Das Gericht wertet den Sach- und Streitstand so, dass die Beklagte dieser Darlegungs- und Beweislast doch schon ausreichend genügt hat, allerdings bei großzügiger Würdigung allenfalls soweit es die Situation bis zur Vollendung des 12. Lebensjahres betrifft. Das Kind U leidet sehr unter dem Pfapa-Syndrom und den fortlaufenden weiteren Krankheitsbildern und hat von daher einen ganz erheblich gesteigerten Betreuungsbedarf. Dieser wurde von der Beklagten umfassend dargelegt und auch durch Arztatteste und Bescheinigungen der Schule untermauert. Das Kind hatte im Jahr 2007 118 Krankheitstage. Im ersten Halbjahr 2008 waren nach den glaubhaften Angaben der Beklagten 68 Krankheitstage gegeben. Im Schuljahr #####/####lagen 26 Fehltage vor. Etwa 16 mal musste das Kind vorzeitig abgeholt werden. Für die Nacharbeitung des Schulstoffs wurde vom Schulamt ein Hauslehrer bewilligt, der 2 mal in der Woche kommt. Dies spricht für sich.
Gleichwohl hält das Gericht es nicht für billig und dem neuen Unterhaltsrecht mit seiner erheblich stärkeren Betonung der Eigenverantwortung von Ehegatten entsprechend, wenn ein voller Betreuungsunterhaltsanspruch ohne jegliche Erwerbsverpflichtung über die Vollendung des 12. Lebensjahres des Kindes hinaus bestünde. Die Beklagte hat ja sogar selbst, schon für die Vergangenheit eine gewisse Erwerbstätigkeit eingeräumt. Es ist für das Gericht deshalb selbst auf der Basis des Beklagtenvorbringen keineswegs völlig klar, dass der Umfang der Erwerbstätigkeit das Maximum dessen wäre, was der Beklagten möglich wäre. Sie arbeitet nach ihrer Darstellung lediglich als Putzkraft, ua. in einem Friseursalon. Das Gericht kann nicht nachvollziehen, weshalb die Beklagte sich offensichtlich nicht einmal bemüht hat bisher, in ihrem erlernten Beruf in der geschilderten flexiblen Art und Weise, etwa als "Springerin" oder "Stand-by- Kraft zu arbeiten oder aber zeitlich flexibel mehr an Putzstellen zu finden. Es fehlt jeglicher Vortrag zu irgendwelchen Bemühungen in diese Richtung.
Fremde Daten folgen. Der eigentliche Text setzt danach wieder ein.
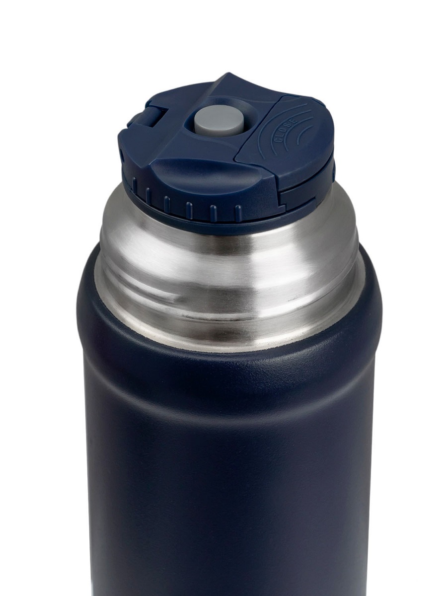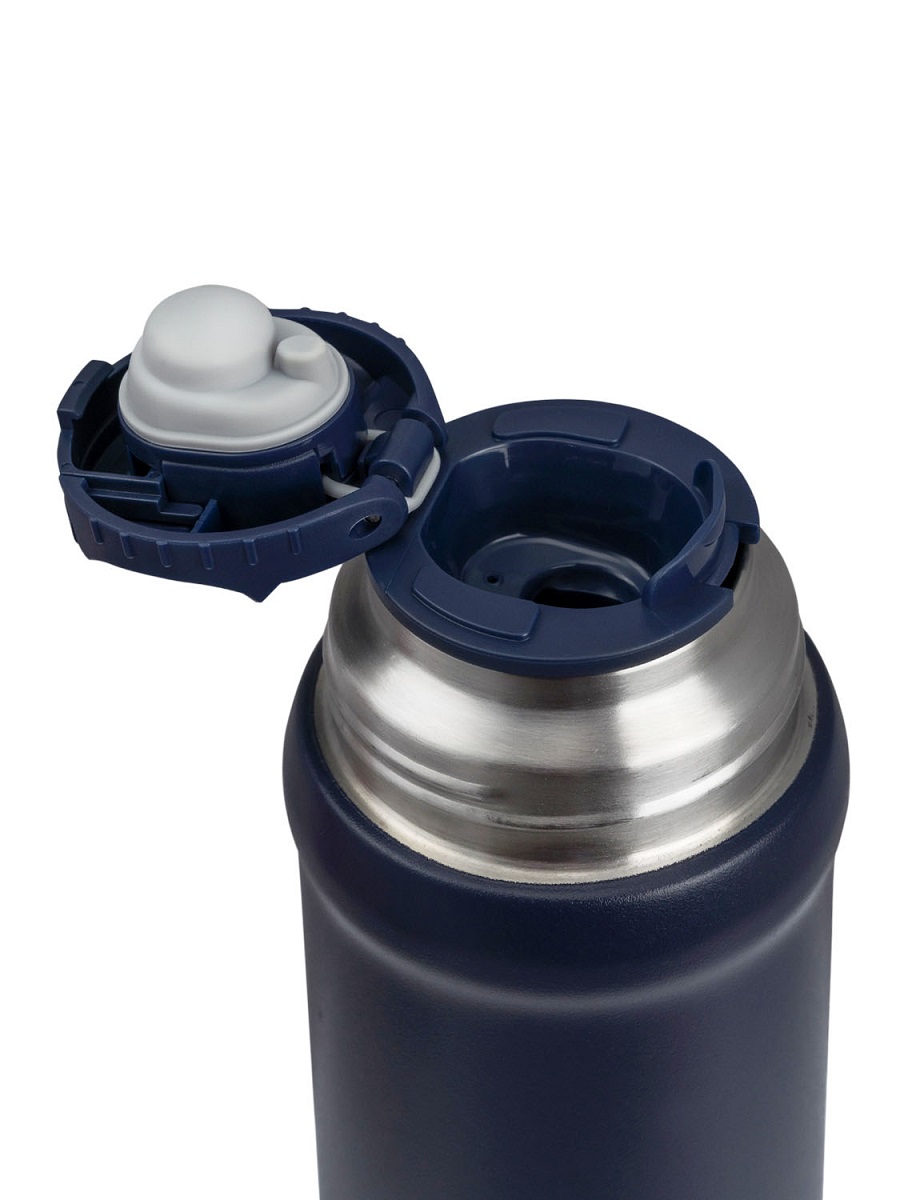 Открывайте термос одним движением на 180°. Для горячих напитков предусмотрена полностью стальная крышка-чашка с двойными стенками, не обжигающая руки. Чтобы освежиться, используйте встроенную питьевую систему и пейте без использования чашки. Будьте осторожны: чтобы не обжечься, перед тем как пить прямо из термоса, убедитесь, что напиток внутри комфортной для питья температуры.

Die Beklagte hat keineswegs ausreichend dargelegt, dass die Belange des Kindes den von ihr gebrachten Einsatz für das Kind unumgänglich erfordern. Dies umfassend darzulegen, ist jedoch nach der Neufassung des § 1570 I S. 3 1. Alt. BGB in vollem Umfang Sache der Beklagten. Das Gericht fragt sich durchaus, ob bei der vorliegenden Mutter-Kind-Konstellation es künftig noch den wohlverstandenen Belangen des Kindes entspricht, wenn dessen körperliche Konstitution zur Grundlage eines vollen Unterhaltsanspruchs der Mutter über das 12. Lebensjahr hinaus würde. Im zuletzt eingereichten Arztattest ist selbst von der behandelnden Kinderärztin attestiert worden, dass die Mutter-Kind-Bindung extrem stark wäre. Von der Gesamtkonstellation her, erscheint zumindest zweifelhaft, wenn das nunmehr der Pubertät entgegen wachsende Kind, und sei es unbewußt und ohne elterliche Beeinflussung, realisiert, dass gerade seine Krankheit zur materiellen Basis des Lebensunterhalts der Mutter in entscheidendem Masse beiträgt. Der mütterliche Pflegeeinsatz, so intensiv und lobenswert er auch gemeint sein mag, könnte durchaus einer Verselbstständigung entgegen stehen und dem Reifungsprozess des Kindes hinderlich sein. Es besteht daher die nicht fernliegende kindswohlbezogene Besorgnis, dass sich die Perpetuierung der derzeitigen unterhaltsrechtlichen Lage psychosozial für das Kind ungünstig auswirken könnte. Es wäre Sache der darlegungsbelasteten Beklagten, diese sich erkennbar aufdrängenden Bedenken auszuräumen. Daran krankt ihr Vorbringen jedoch. Allein der Beweisantritt "Sachverständigengutachten" im Schriftsatz vom 31. 7. 08 kann diesen Mangel nicht ersetzen. Zuerst wäre die Beklagte gehalten, zu diesem Punkt substantiiert vorzutragen.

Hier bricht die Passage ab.